Actually I'm designing a board that uses a 6 chan ADC (24-bit Cirrus CS4366), that runs up to 216 kHz/channel. It has 3 I2S (SAI) outputs suited for three teensys. So I'm not using onboard ADC, or audiocard.

The CPU speed is needed for processing and is my standard configuration. I mentioned it, because, as I recall, some serial lines are driven by F_CPU.

Concerning maths, well, I may be wrong, but my calculations give 2*16 bit = 32 bit at 200 kHz = 6400 kbit/s = 800 kByte/s minimum speed.

Using spi at 12.5 MHz (max in slave) I get therefore a dutycycle of about 50%. So I have some time to do processing with the transferred data.

So what I'm doing:
On each teensy:
acquire 256 pairs of samples (lasts 1.28 ms)

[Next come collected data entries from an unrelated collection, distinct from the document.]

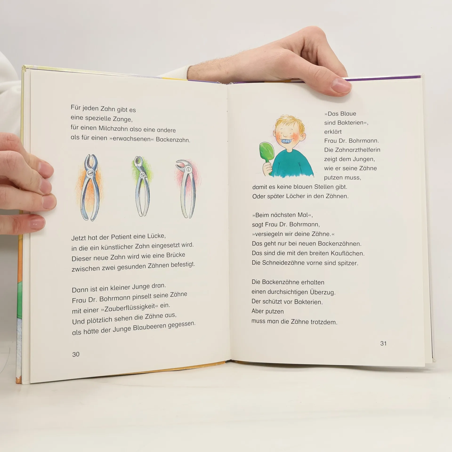 Opa Otto verliert beim Mittagessen sein Gebiss und muss schnell zur Zahnärztin. Frau Dr. Bohrmann behebt den Schaden absolut schmerzfrei und vermittelt nebenbei einen Einblick in ihre Praxis und ihre Arbeit.
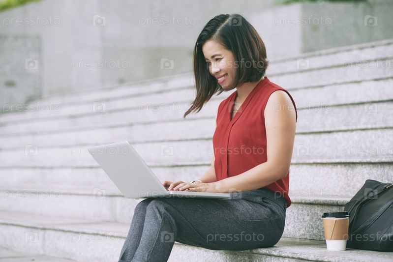 Женщина, использующая ноутбук на открытом воздухе
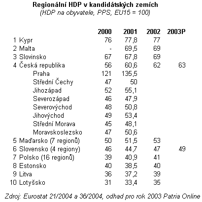 Ekonomická úroveň jednotlivých regionů je tak významná pro rozdělení prostředků z fondů EU. Z tabulky je zřejmé, že na tyto fondy nemá šanci dosáhnout Praha, která je se svými 135 % průměru na 16. místě v celé Evropské unii. 70procentní hranici překonal z kandidátských zemí už jen bratislavský region (102 %), jeden maďarský region (81 %) a Kypr (78 %). Zatímco Praha je v rámci ČR extrémem a naše ostatní regiony se pohybují kolem 50 % průměru EU, regiony v Polsku, Maďarsku i Slovensku tak vysoké extrémy nevykazují. Volba regionů je přitom v národní působnosti. Příjmy z EU jsou však jen jednou stránkou věci.
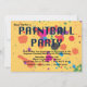 Recrutez votre équipe d'amis pour une partie de paintball qu'ils sont sûrs d'apprécier avec cette conception colorée. L'arrière - plan jaune ensoleillé avec les lignes diagonales minuscules a des éclaboussures de peinture rouge, orange, bleue, pourpre et verte - le plaisir d'un ado !
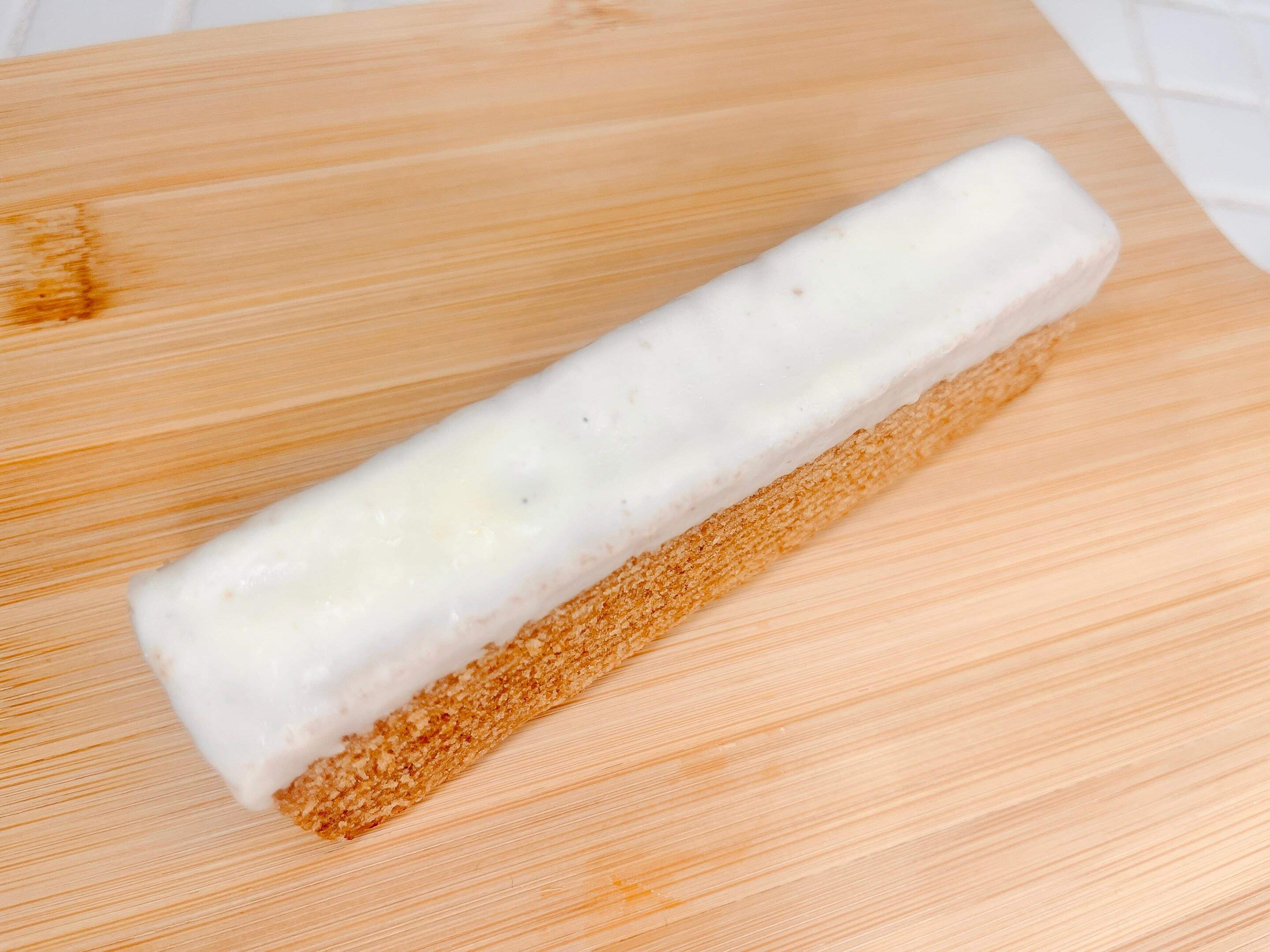 こちらもバウムシリーズ同様、焼きムラや凸凹、変形など、おいしさに関係なくはじかれていたものも活かした商品で、食べやすいスティック型のチーズケーキです。
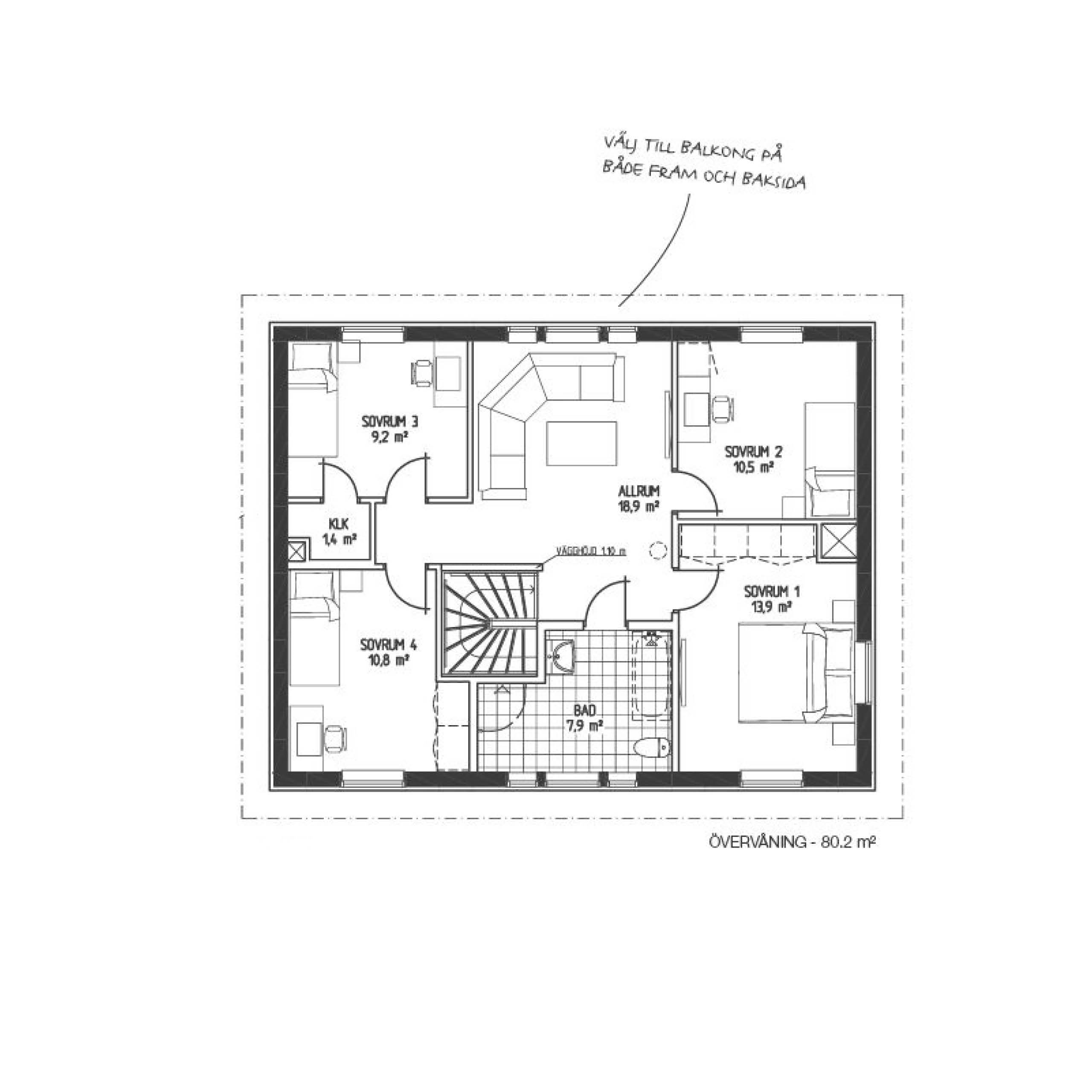 Det här är ett stort och välplanerat hus som är särskilt väl lämpat för mindre tomter. Den klassiskt symmetriska utformningen gör att huset passar fint i de flesta omgivningar. När du kliver in i den rymliga hallen har du fri sikt genom huset, till baksidan, detta tillsammans med trappans centrala placering, gör att huset präglas av ljus och rymd. Här finns gott om förvaringsmöjligheter och fyra sovrum på övervåningen, med möjlighet till ett femte på första våningen, om du vill. Ett hus för det stora och växande hushållet. Eller varför inte välja till burspråk med balkong och frontespis för att få det där lilla extra?

The standard process would be:
during this 1.28 ms calculate spectra of the acquired data, transfer spectra and process further the transferred, better received spectra.
Data processing is done with 256 point FFTs, with 50% overlap, effectively doubling the number of spectra.

It turned out that estimating spectra is faster than transferring spectra, that is, it is better to not transfer the spectra, but to follow the following scheme:
after acquisition, transfer acquired data to 2nd teensy (using dma), calculate in parallel spectra of acquired data , and after transfer/reception calculate spectra of received data from 3rd teensy and finalize calculations.

So if there is an alternative to the 12.5 MHz bit rate of spi , than I would be very interested to use it.

BTW, processing etc. is solid but I teensy to teensy transfer is not verified and I would not be surprised to encounter some roadblocks.

Edit: the offload from my teensy system is at much lower speed (10-50 kB/second)